- Born: Richard F. H. Polt 1964 (age 61–62)

Academic background
- Alma mater: University of California, Berkeley (BA) University of Chicago (MA, PhD)
- Thesis: Heidegger and the Place of Logic (1991)
- Doctoral advisor: Leszek Kolakowski

Academic work
- Discipline: Philosophy
- Institutions: Xavier University

= Richard Polt =

Philosopher

Richard F. H. Polt (born 1964) is an American professor of philosophy at Xavier University in Cincinnati, Ohio. He has written about and translated works by Martin Heidegger. He and Gregory Fried edit the Bloomsbury Publishing book series New Heidegger Research.

Polt is also a typewriter enthusiast. He has written a book on typewriters in the twenty-first century, maintains a website on typewriters, and is a former editor of ETCetera, The Journal of The Typewriter Collectors’ Association. He appears in the 2016 documentary California Typewriter.

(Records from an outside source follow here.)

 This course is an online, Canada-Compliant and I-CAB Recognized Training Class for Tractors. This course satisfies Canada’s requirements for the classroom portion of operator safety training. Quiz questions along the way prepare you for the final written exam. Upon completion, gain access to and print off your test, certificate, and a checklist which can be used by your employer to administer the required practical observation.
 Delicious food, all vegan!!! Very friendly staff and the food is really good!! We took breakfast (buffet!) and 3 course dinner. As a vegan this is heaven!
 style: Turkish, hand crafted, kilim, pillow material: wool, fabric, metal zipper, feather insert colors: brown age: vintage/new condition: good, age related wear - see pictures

He founded Loose Dog Press, a publishing house devoted to books of interest to typewriter users and collectors.

Polt also runs a literary society devoted to American writer Harry Stephen Keeler.

==Works==
===As author===
- Heidegger on Presence (Cambridge: Cambridge University Press, 2025)
- Evertype: A Novel (Cincinnati: Loose Dog Press, 2025)
- Time and Trauma: Thinking through Heidegger in the Thirties (London: Rowman & Littlefield International, 2019)
- The Typewriter Revolution: A Typist's Companion for the 21st Century (Woodstock, VT: The Countryman Press, 2015)
- The Emergency of Being: On Heidegger's "Contributions to Philosophy" (Ithaca: Cornell University Press, 2006)
- Heidegger: An Introduction (Ithaca: Cornell University Press, 1999; second, revised edition, 2025).

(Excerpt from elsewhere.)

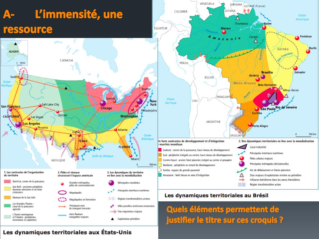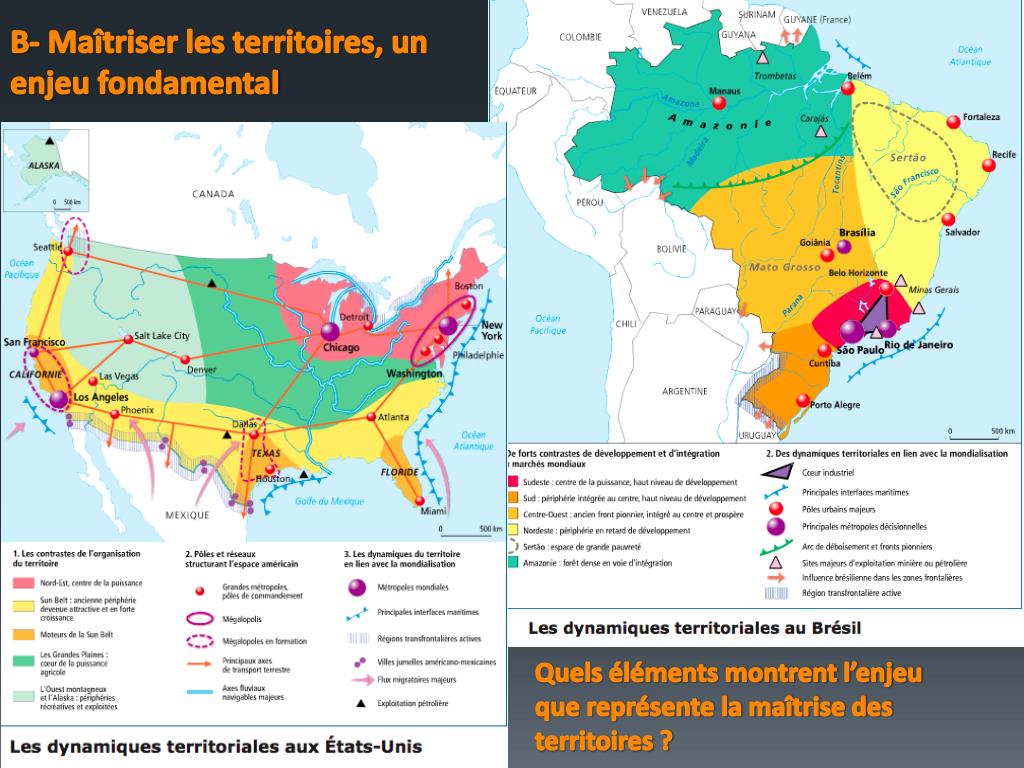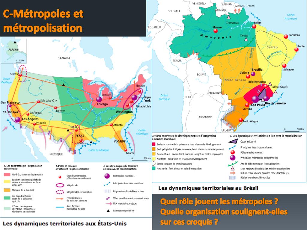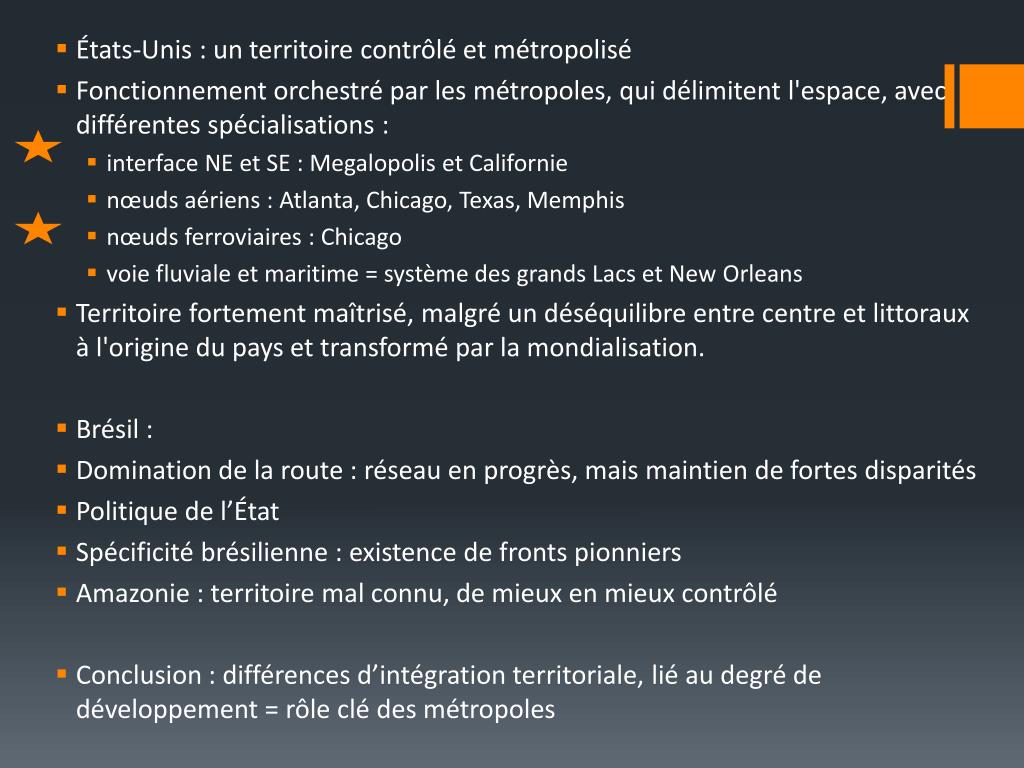 États-Unis : un territoire contrôlé et métropolisé • Fonctionnement orchestré par les métropoles, qui délimitent l'espace, avec différentes spécialisations : • interface NE et SE : Megalopolis et Californie • nœuds aériens : Atlanta, Chicago, Texas, Memphis • nœuds ferroviaires : Chicago • voie fluviale et maritime = système des grands Lacs et New Orleans • Territoire fortement maîtrisé, malgré un déséquilibre entre centre et littoraux à l'origine du pays et transformé par la mondialisation. • Brésil : • Domination de la route : réseau en progrès, mais maintien de fortes disparités • Politique de l’État • Spécificité brésilienne : existence de fronts pionniers • Amazonie : territoire mal connu, de mieux en mieux contrôlé • Conclusion : différences d’intégration territoriale, lié au degré de développement = rôle clé des métropoles

=== As editor and co-editor ===
- Richard Polt and Jon Wittrock (eds.), The Task of Philosophy in the Anthropocene: Axial Echoes in Global Space (London: Rowman & Littlefield International, 2018)
- Gregory Fried and Richard Polt (eds.), After Heidegger? (London: Rowman & Littlefield International, 2017)
- Gregory Fried and Richard Polt (eds. and trans.): Martin Heidegger, Nature, History, State: 1933-1934, with essays by Robert Bernasconi, Peter E. Gordon, Marion Heinz, Theodore Kisiel, and Slavoj Žižek (London: Bloomsbury, 2013)
- Heidegger's "Being and Time": Critical Essays (Lanham, MD: Rowman & Littlefield, 2005)
- Richard Polt and Gregory Fried (eds.), A Companion to Heidegger's "Introduction to Metaphysics" (New Haven: Yale University Press, 2001)

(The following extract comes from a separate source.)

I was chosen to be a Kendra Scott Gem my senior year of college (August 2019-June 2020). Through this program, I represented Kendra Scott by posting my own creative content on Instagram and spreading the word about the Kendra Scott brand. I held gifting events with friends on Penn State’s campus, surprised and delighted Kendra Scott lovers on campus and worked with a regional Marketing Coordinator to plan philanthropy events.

===As translator and co-translator===
- Martin Heidegger, Being and Truth, trans. Gregory Fried and Richard Polt (Bloomington: Indiana University Press, 2010)
- Martin Heidegger, Introduction to Metaphysics, trans. Gregory Fried and Richard Polt (New Haven & London: Yale University Press, 2000; 2nd edition, 2014)
- Friedrich Nietzsche, Twilight of the Idols (Indianapolis: Hackett Publishing Co., 1997)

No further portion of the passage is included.